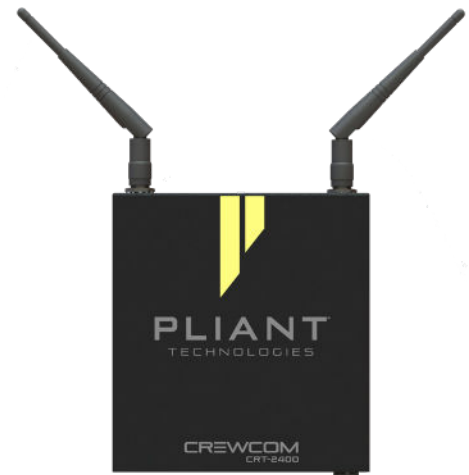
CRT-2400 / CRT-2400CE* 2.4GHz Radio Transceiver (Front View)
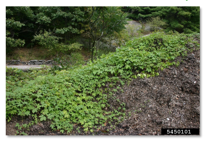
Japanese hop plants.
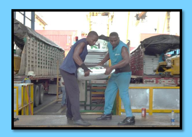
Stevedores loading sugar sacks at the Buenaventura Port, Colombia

* * *

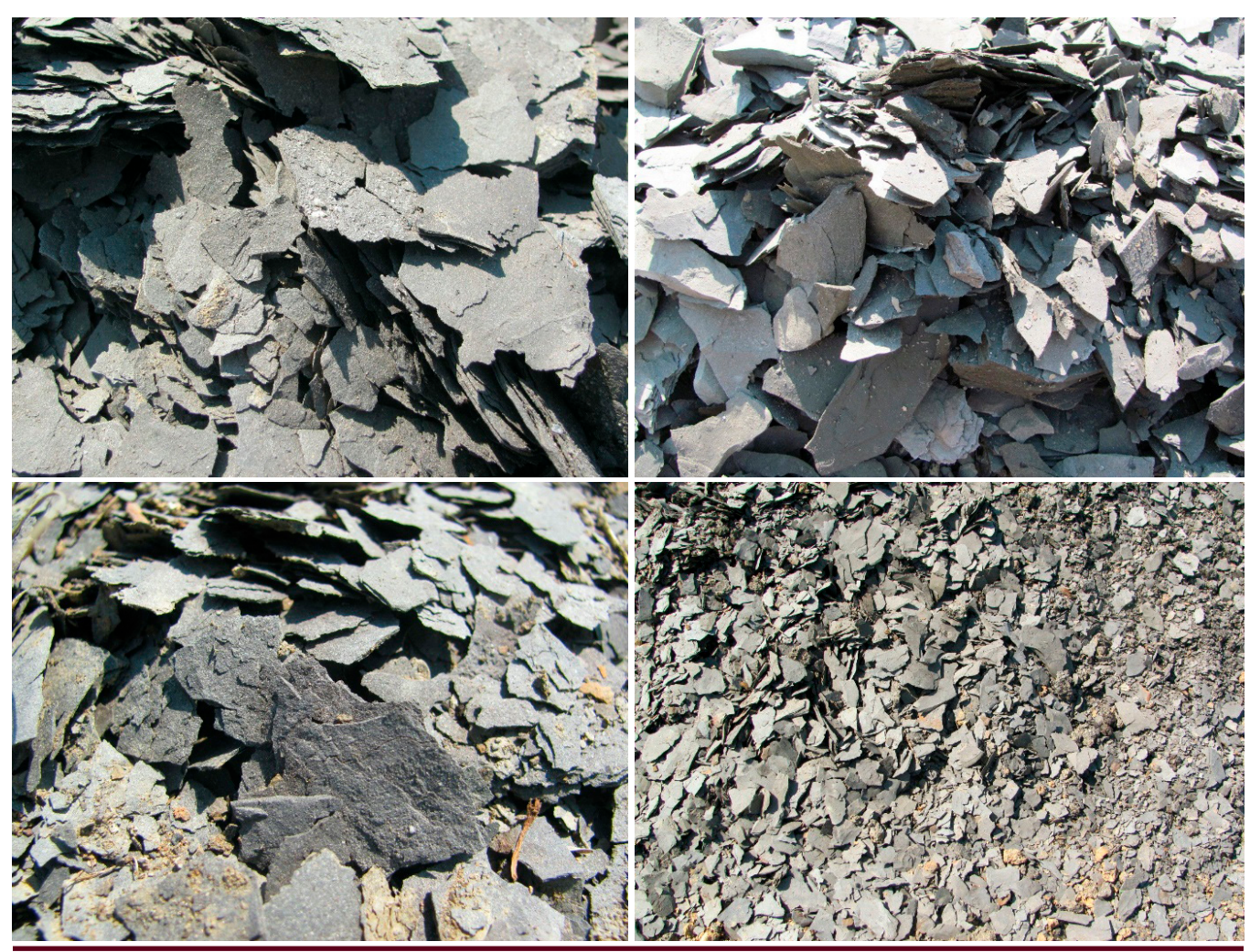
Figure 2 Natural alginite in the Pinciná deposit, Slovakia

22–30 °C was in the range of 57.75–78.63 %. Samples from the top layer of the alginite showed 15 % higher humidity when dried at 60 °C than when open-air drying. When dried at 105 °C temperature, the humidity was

- Exercise aim -
Write out the lines above from the one with "CRT-2400 / CRT-2400CE*" through the one with "Stevedores loading sugar", ends included, exactly; no picture goes in.

- Exercise output -
CRT-2400 / CRT-2400CE* 2.4GHz Radio Transceiver (Front View)
Japanese hop plants.
Stevedores loading sugar sacks at the Buenaventura Port, Colombia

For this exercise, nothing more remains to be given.